Despite all that hard contact, Tampa scored their first run on a bloop single, naturally. Kevin Kiermaier doubled to left and Brandon Lowe brought him with a little jam shot bloop inside the left field foul line in the second inning for a 1-0 lead. Two singles and a walk loaded the bases with no outs in the third inning, then a hard-hit grounder to second and a line drive single drove in two more runs. Add in Smith’s two-run homer and there’s the five runs.
Cessa’s final line: 3.1 IP, 7 H, 5 R, 5 ER, 2 BB, 4 K, 1 HR on 65 pitches. He turned in good starts against the Orioles (six scoreless innings) and Rays (two runs in 5.1 innings) a few weeks back, but the last two starts have been terrible. Hopefully Sabathia does indeed miss just the one start with his knee issue, because no one wants to see Cessa again. At least not until they’ve clinched all they can clinch.
One Token Run
Sleepy night for the offense. The Yankees scored their only run on Miguel Andujar’s latest home run. His fifth in the last nine games. Andujar also ripped a long fly ball that was caught at the wall by a leaping Kiermaier, and looped a double along the right field line. Could’ve easily been a three extra-base hit night for Andujar if not for the Kiermaier catch. Miguel’s still awesome. What a ballplayer.
The Yankees had their best chance to make this a game in the fourth inning, when they loaded the bases without putting a ball in play. Didi Gregorius worked a leadoff walk, Greg Bird worked a one-out walk, and Neil Walker was hit by a two-strike pitch with one out. The Yankees were in business. Then Austin Romine stuck out on three pitches and Ronald Torreyes hit a tapper maybe ten feet and was thrown out. That was that. Quiet bats the rest of the night.
Leftovers
Shout out to Sonny Gray for soaking up 3.1 innings in mop up duty. He needed 75 pitches to get ten outs, but who cares. Gray had to eat innings and he did. I imagine he would’ve remained in the game longer had he not thrown 25 pitches Sunday. Jonathan Holder struck out both batters he faced and Chad Green retired all four batters he faced. The bullpen: 5.2 IP, 4 H, 1 R, 3 BB, 5 K. Gave the offense a chance to get back in the game.

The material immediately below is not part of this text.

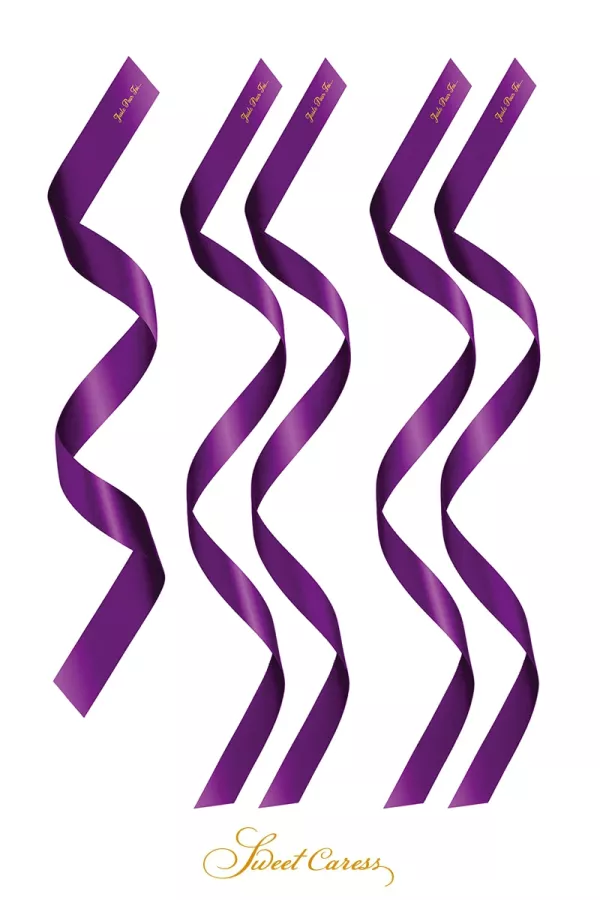 I 5 legami sono in raso viola, con l'iscrizione "solo per voi" stampata su ciascuno di loro.
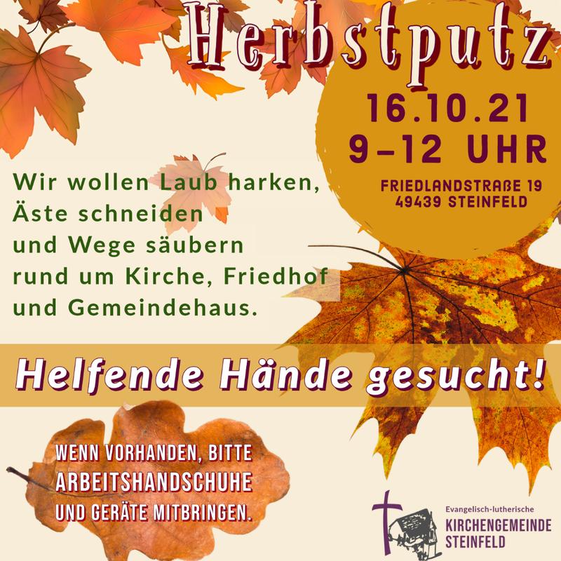 Wir suchen helfende Hände, die am Samstag, den 16.10.21, mitanpacken. Wir wollen auf dem Gelände um Kirche, Friedhof und Gemeindehaus Wege säubern, Äste schneiden, Laub harken und vieles mehr.

Only five hits for the Yankees. Andujar had his homer and the double. Giancarlo Stanton doubled and Brett Gardner and Aaron Hicks each had a single. Gardner, Gregorius, Bird, and Walker each drew a walk. Walker also got hit by a pitch. That’s about it for the offense. The Yankees could really use another bat. I’m not sure what’s taking so long.
Box Score, WPA Graph & Standings
ESPN has the box score, MLB has the video highlights, and ESPN has the updated standings. Here’s our Bullpen Workload page and here’s the win probability graph:
Source: FanGraphs
Up Next
The Yankees and Rays wrap up this three-game series Thursday afternoon. That is a 1pm ET start. Masahiro Tanaka and Blake Snell will be on the mound for the matinee.